TASK INSTRUCTIONS: The result should be an exact copy of the entries that follow, with no pictures included.

TASK INPUTS:
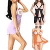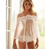 Lencería sexy europea y americana, uniforme tentador, perspectiva femenina, vestido de gasa blanca con hombros descubiertos y encaje, pijama de dormir.
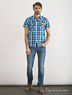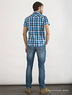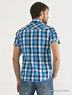 Яркая рубашка из гладкой хлопковой ткани. Стояче-отложной ворот. Застежка на планку с пуговицами. Короткие рукава с манжетами. На полочках два накладных кармана с клапанами на пуговицах.
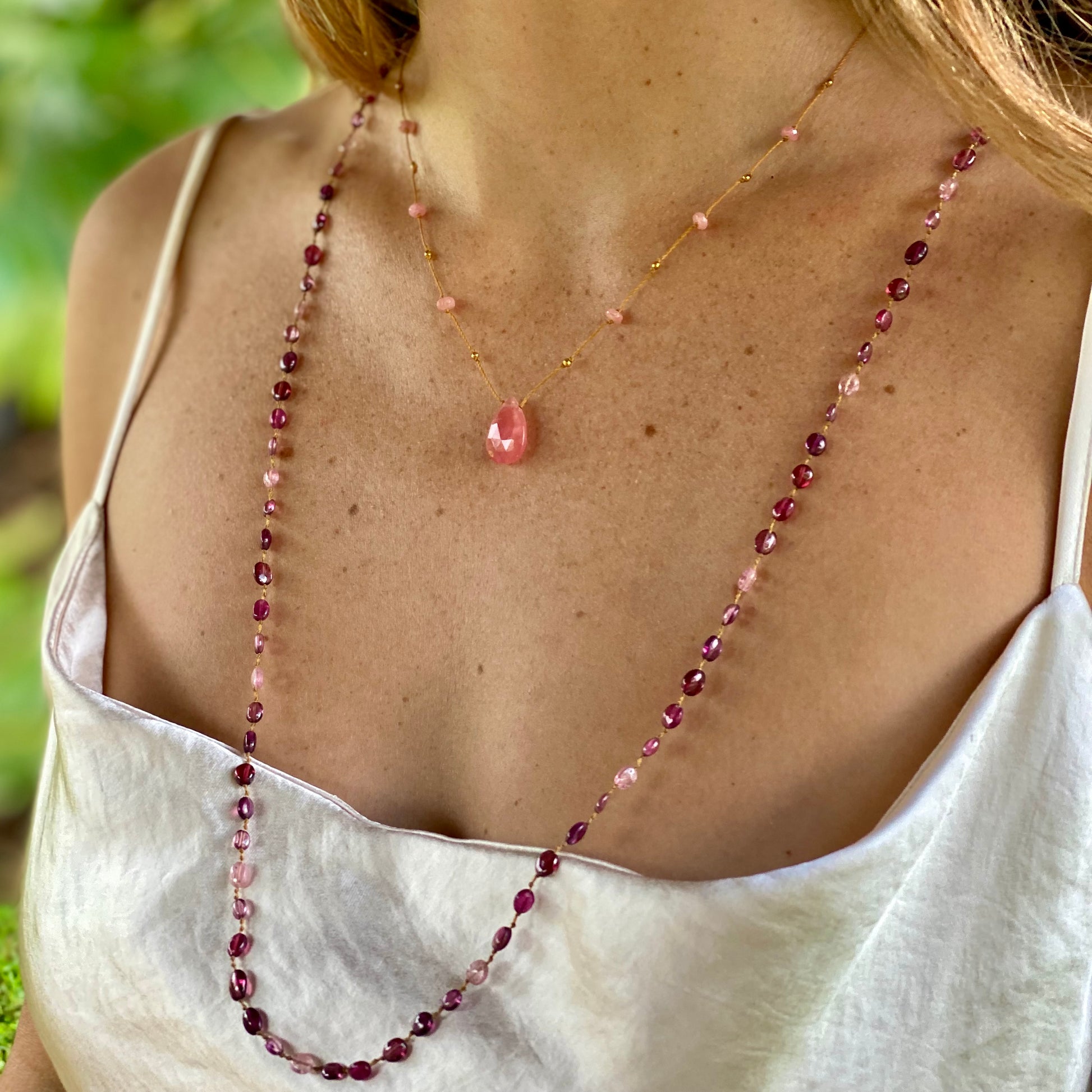 United in a shining continuum, each strand features a faceted gemstone drop and includes a repeating sequence of coordinating gemstone beads alternated with hand built gold beads.
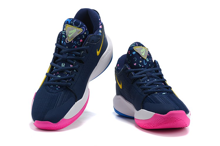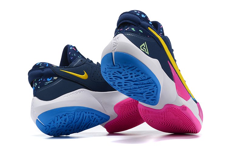 This Nike Zoom Freak 2 features a Midnight Navy, Poison Green, and Fire Pink color combination. First, we have Navy across the uppers while constructed with woven on the lateral and leather on the medial. Furthermore, Gold covers the Swoosh logo on the panels with illustrations like an umbrella, ladders, cats, and other graphics. Those same graphics adorn the tongue and heel, but in shades of Blue, Green, Pink, and Orange. Green then hits the tongue branding and Giannis’ logo by the heel. Finally, White on the midsole while Pink and Blue cover the outsole finishes the look.
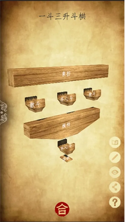 单指长按结构部件进入单独观察部件模式 通过按钮拆解斗栱 查看部件的名称和功能简介
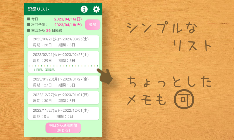 ただただ、生理の開始と終了を記録するだけです。
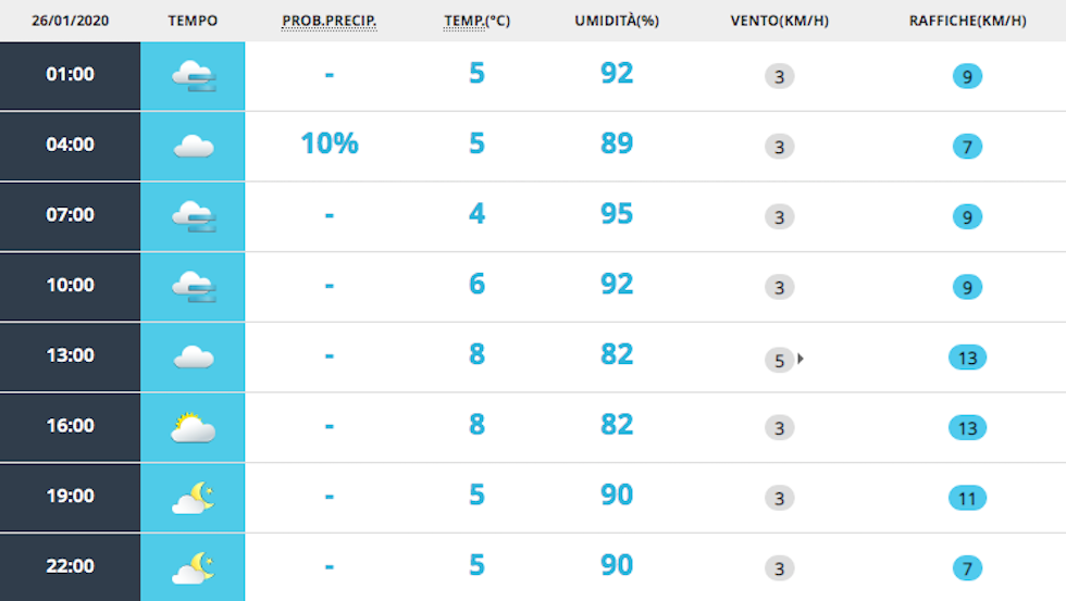 Nuvole e nebbia al mattino e qualche schiarita al pomeriggio, con temperature tra i 5 e gli 8 gradi.
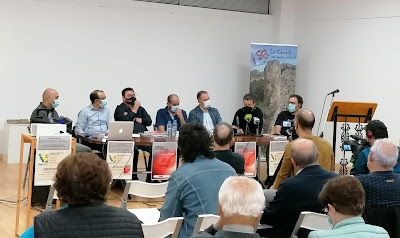 Unas 50 personas asistieron al acto central del XX Aniversario de «La Carraila», que tuvo lugar este viernes 29 de octubre, a las 19:30 horas, en la Sala Adolfo Suárez (edif. CIMA) de Abarán. En la convocatoria se presentó el libro de actas de las pasadas V Jornadas de Investigación y Divulgación sobre Abarán y el Valle de Ricote (2019) y se dio a conocer el cartel y la nueva convocatoria de participación de autores para la próxima edición (2022).El libro Actas V Jornadas de Investigación y Divulgación sobre Abarán y el Valle de Ricote (pinche sobre el título para acceder a su contenido digital) fue presentado por Dr. José Molina Ruiz, profesor del Departamento de Geografía de la Universidad de Murcia; acto en el que también intervinieron Jesús Gómez Montiel, alcalde de Abarán, Pedro Molina Cano, alcalde de Blanca, y Felipe García Carrillo, concejal de cultura del ayuntamiento de Abarán, quien organizó este evento junto a «La Carraila». A estas dos entidades se les debe la edición en papel de la obra presentada.
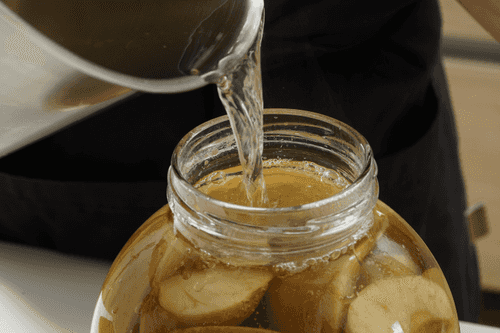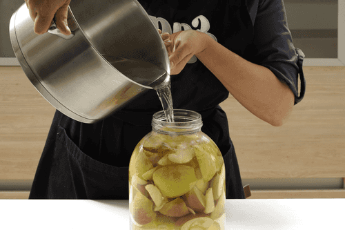 Залить сироп в банки до самого края.

RESULT OF THIS EXERCISE:
 Lencería sexy europea y americana, uniforme tentador, perspectiva femenina, vestido de gasa blanca con hombros descubiertos y encaje, pijama de dormir.
 Яркая рубашка из гладкой хлопковой ткани. Стояче-отложной ворот. Застежка на планку с пуговицами. Короткие рукава с манжетами. На полочках два накладных кармана с клапанами на пуговицах.
 United in a shining continuum, each strand features a faceted gemstone drop and includes a repeating sequence of coordinating gemstone beads alternated with hand built gold beads.
 This Nike Zoom Freak 2 features a Midnight Navy, Poison Green, and Fire Pink color combination. First, we have Navy across the uppers while constructed with woven on the lateral and leather on the medial. Furthermore, Gold covers the Swoosh logo on the panels with illustrations like an umbrella, ladders, cats, and other graphics. Those same graphics adorn the tongue and heel, but in shades of Blue, Green, Pink, and Orange. Green then hits the tongue branding and Giannis’ logo by the heel. Finally, White on the midsole while Pink and Blue cover the outsole finishes the look.
 单指长按结构部件进入单独观察部件模式 通过按钮拆解斗栱 查看部件的名称和功能简介
 ただただ、生理の開始と終了を記録するだけです。
 Nuvole e nebbia al mattino e qualche schiarita al pomeriggio, con temperature tra i 5 e gli 8 gradi.
 Unas 50 personas asistieron al acto central del XX Aniversario de «La Carraila», que tuvo lugar este viernes 29 de octubre, a las 19:30 horas, en la Sala Adolfo Suárez (edif. CIMA) de Abarán. En la convocatoria se presentó el libro de actas de las pasadas V Jornadas de Investigación y Divulgación sobre Abarán y el Valle de Ricote (2019) y se dio a conocer el cartel y la nueva convocatoria de participación de autores para la próxima edición (2022).El libro Actas V Jornadas de Investigación y Divulgación sobre Abarán y el Valle de Ricote (pinche sobre el título para acceder a su contenido digital) fue presentado por Dr. José Molina Ruiz, profesor del Departamento de Geografía de la Universidad de Murcia; acto en el que también intervinieron Jesús Gómez Montiel, alcalde de Abarán, Pedro Molina Cano, alcalde de Blanca, y Felipe García Carrillo, concejal de cultura del ayuntamiento de Abarán, quien organizó este evento junto a «La Carraila». A estas dos entidades se les debe la edición en papel de la obra presentada.
 Залить сироп в банки до самого края.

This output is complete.